Protect your feline companion against dangerous diseases with a vaccination plan.

Immunizations are the simplest and cost-effective way of preventing disease and maintaining the health and longevity of your cat. During your consultation, one of our veterinarians will discuss the importance of “core” vaccines (which are immunizations we administer to all cats in our area) as well as “lifestyle” vaccines (which are those immunizations given dependant on whether your cat is indoors only or goes outside as well). We tailor our protocol annually to the current needs of your pet.

Does my indoor cat need to be vaccinated?

All pets whether it be a cat or dog should be vaccinated. Rabies is the only vaccine which is required by law, but we administer other core vaccines to protect your pet from diseases prevalent in our area, so they can live a long and happy life in your care.

What is FVRCP and core vaccine for cats?

Here at College Manor Veterinary Hospital FVRCP and Rabies are “core” vaccines for cats. What that means is we feel these are prevalent diseases your cat could potentially be exposed to and we want to be sure he/she is covered and can live a long and healthy life. If your cat goes outside, we would also administer the leukemia vaccine as a “core” vaccine as he/she could become infected from any of the stray cats in your neighbourhood.

How often does my adult cat need vaccination?

The “core” immunizations for cats at our facility include 3-year rabies booster alternating with a three-year FVRCP (Feline Viral Rhinotracheitis, Calici, and Panleukopenia) booster after full completion of the initial kitten series. We also include a Feline Leukemia booster annually for those cats that also go outside. While your cat may not “need” an immunization every year, we still recommend bringing them in for their annual preventive care exam to catch any health problems early.

Are there any risk associated with vaccines?
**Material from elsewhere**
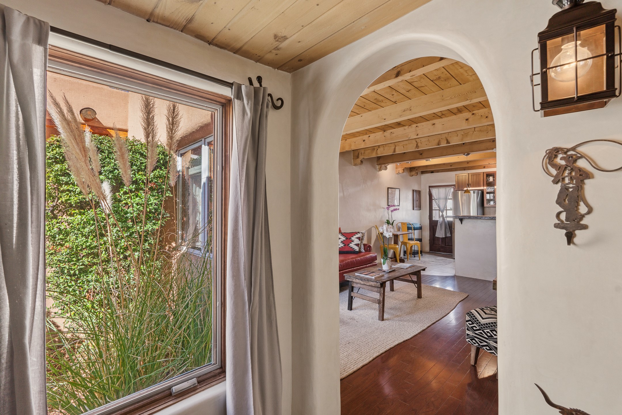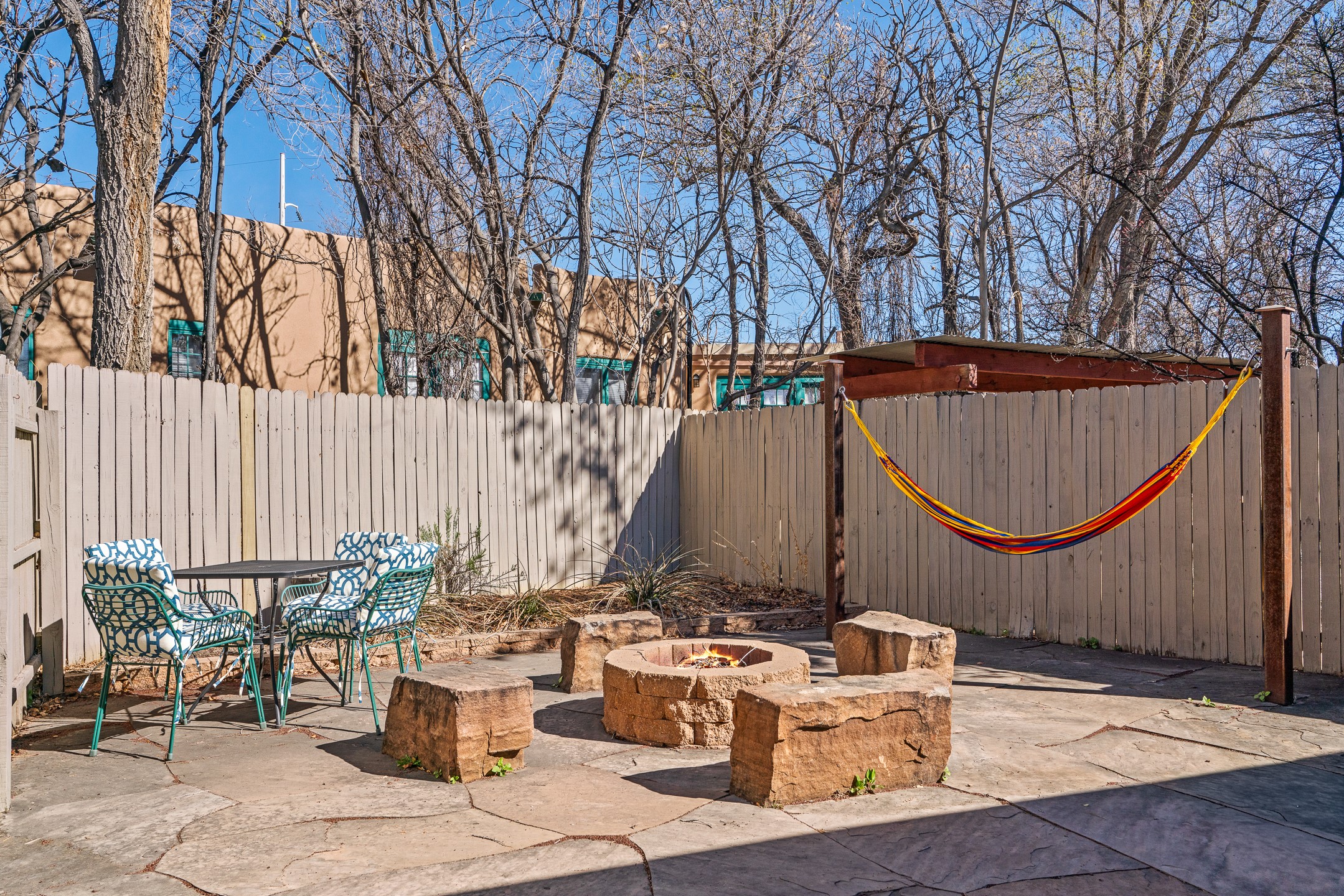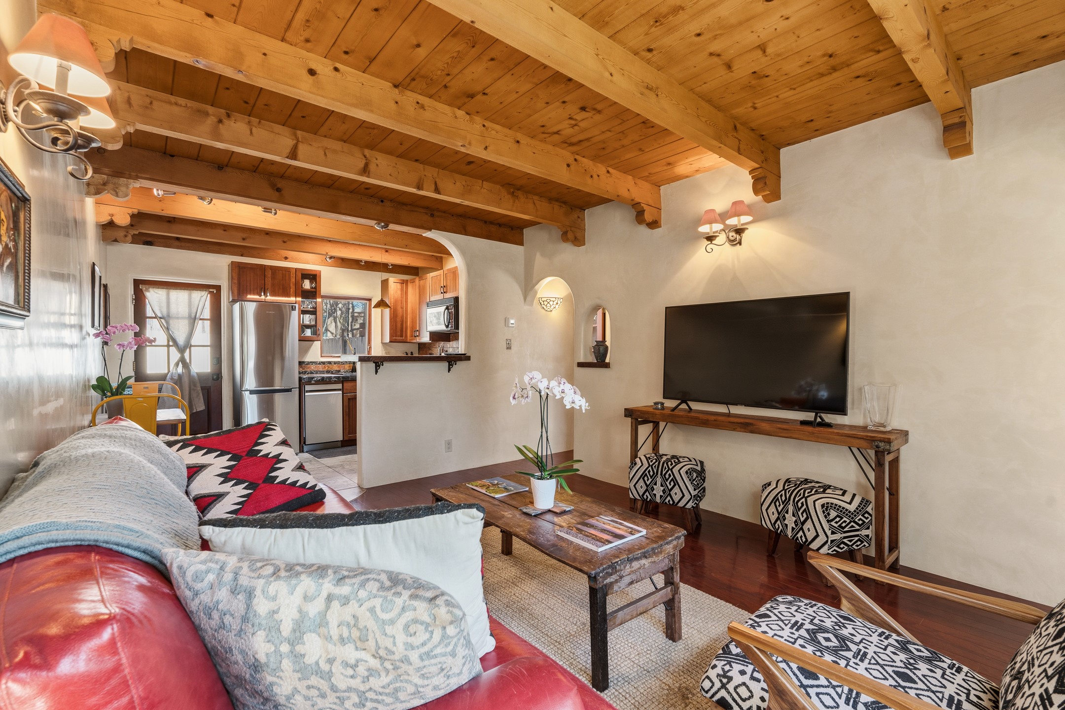 Charming and elegant, this quintessential Santa Fe-style condo is ideally located in the heart of South Capitol. Exceptionally well maintained, the home features thoughtful updates including a flagstone fire pit in the private backyard and a newer TPO roof completed in 2018. The single-level layout offers two bedrooms and one bath, with an open-concept kitchen designed for effortless entertaining. A bar overlooks the living area, creating an inviting flow betweenspaces. The kitchen is well equipped with stainless steel appliances--including refrigerator, oven/range, dishwasher, microwave, and an efficient washer/dryer--and features a delightful window overlooking the private exterior patio. South-facing living room windows fill the home with natural light and warmth throughout the day. Multiple skylights, graceful archways, exposed beams, hardwood floors, and traditional nichos beautifully complement the classic plaster walls. The primary bedroom is a serene retreat, featuring a cozy nook with a wood-burning kiva fireplace and multiple windows that enhance the natural light. Additional amenities include a dedicated storage unit, access to a communal washer/dryer room, and an outdoor gathering space. Located within a gated community offering privacy/security and one off street parking space all just footsteps from Downtown Santa Fe!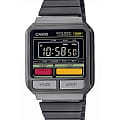 Спортивные японские мужские часы с секундомеромСекундомерСекундоме́р — прибор, способный измерять интервалы времени с точностью до долей секунды. Casio Vintage A120WEGG-1B, кварцевый механизм с высокой точностью. Издавая звуковой сигнал в установленное время, будильникБудильникБуди́льник — часы, в заданный момент времени подающие звуковой, световой и/или в редких случаях другой сигнал. напоминает о событиях, которые повторяются каждый день. Корпус из полимерного пластика. Класс водозащиты: 30 метров, позволит защитить корпус от случайных брызг или капель дождя. Браслет из нержавеющей стали на раскладной застёжкеРаскладная застёжкаТакой тип застёжки используется только на браслетах из металла. Она никогда не раскрывается полностью, происходит разделение на 2 и более частей. Раскладывающая застёжка снизит вероятность потери часов к минимуму..

While it is rare for us to see many vaccine reactions these days at all, it is something our clients should be aware of. Occasionally a pet may experience a bit of tenderness at the injection site or a bit of lethargy or vomiting after a vaccine. These side effects are typically minimal and run their course quickly.

It is even less common to see a pet have an anaphylactic reaction to a vaccine we administered. If this were to happen it is pretty immediate and can be quickly dealt with by giving a steroid and antihistamine injection while the pet is still in the clinic.

If any pet experiences any type of reaction we document, it in their patient file and take preventive measures in the following years to pre-treat those pets with steroids or antihistamines prior to giving the vaccines and on some occasion have the client return for multiple visits to separate the number of vaccines given in 1 visit.

We always ask our clients to call us if they notice anything out of the ordinary after their visit and certainly come back in for a complimentary recheck with the veterinarian if they have any concerns upon returning home. The bigger risk, in this case, is for those pets not immunized at all.